The butter was definitely the right move. The mac and cheezy was delicious. No, it doesn’t taste like mac and cheese exactly, and I probably prefer baked macaroni and cheese with sharp cheddar and homemade gnocchi. But it definitely tastes better than Kraft macaroni and cheese.
I still have enough nutritional yeast left that I’m thinking about variations for next time. The sauce has a slightly mushroomy taste, so I’m thinking it might go well with buckwheat or as a Stroganoffish sauce. Or I might add tahini to the sauce. I seem to remember making it that way back in my co-op days, but the New Farm recipe didn’t call for tahini. I’ve got LOTS of tahini in my cupboard so it might not hurt to find a recipe that uses it. The only other things I use tahini for are hummus – and I don’t eat much hummus – and the not-really-ayurvedic cookies I wrote about in this post.
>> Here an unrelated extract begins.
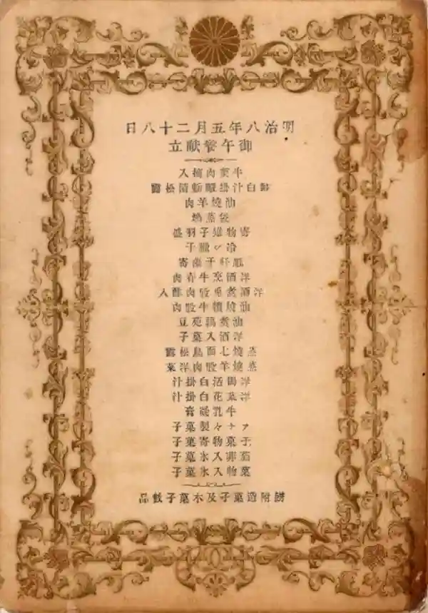 明治8年的宫中宴会菜单
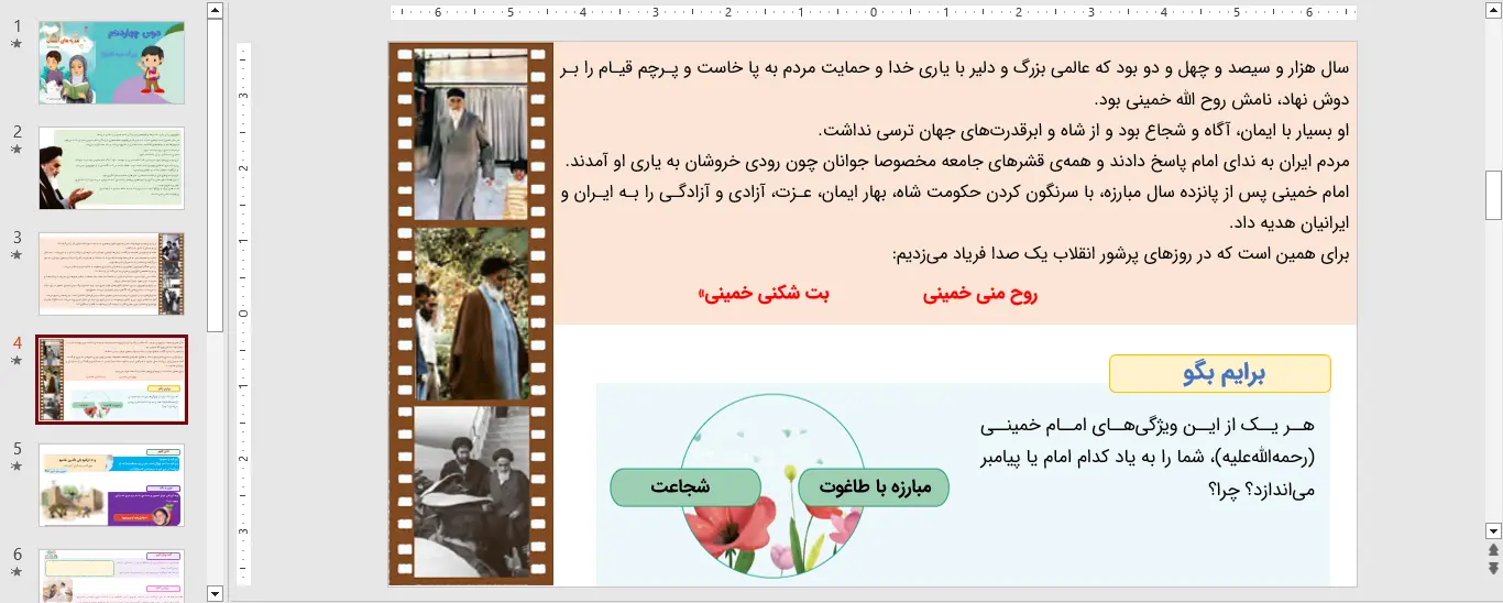 پاورپوینت ارائه شده در مورد هدیه های آسمان پنجم درس 14 چهاردهم – بزرگمرد تاریخ به شکل کامل و جامع تهیه و تدوین شده است. این پاورپوینت آماده با تصاویر گویا و جذابی که در خود دارد دانش آموزان را برای فراگیری و استفاده کامل از آن وا می دارد. یکی از بهترین پاورپوینت هایی که می توانید در بستر اینترنت در مورد موضوع ذکر شده پیدا کنید را در اختیار شما قرار داده ایم و امیدواریم از مطالب آن نهایت استفاده را ببرید. ارائه کامل و جذاب شما از اهداف مجموعه فارسی درس است و تلاش ما برداشتن قدم هایی هر چند کوچک در راستای اهداف شما است.

Speaking of which, I made another batch of those non-ayurvedic cookies today. It’s my fourth or fifth. I only have enough psyllium left for one or two more batches; I wonder if, by then, I’ll have become so accustomed to these cookies that I’ll go out and buy more psyllium just so that I can continue the habit.
Naw, I’ll probably just adapt the recipe to some other ingredient I find in my pantry.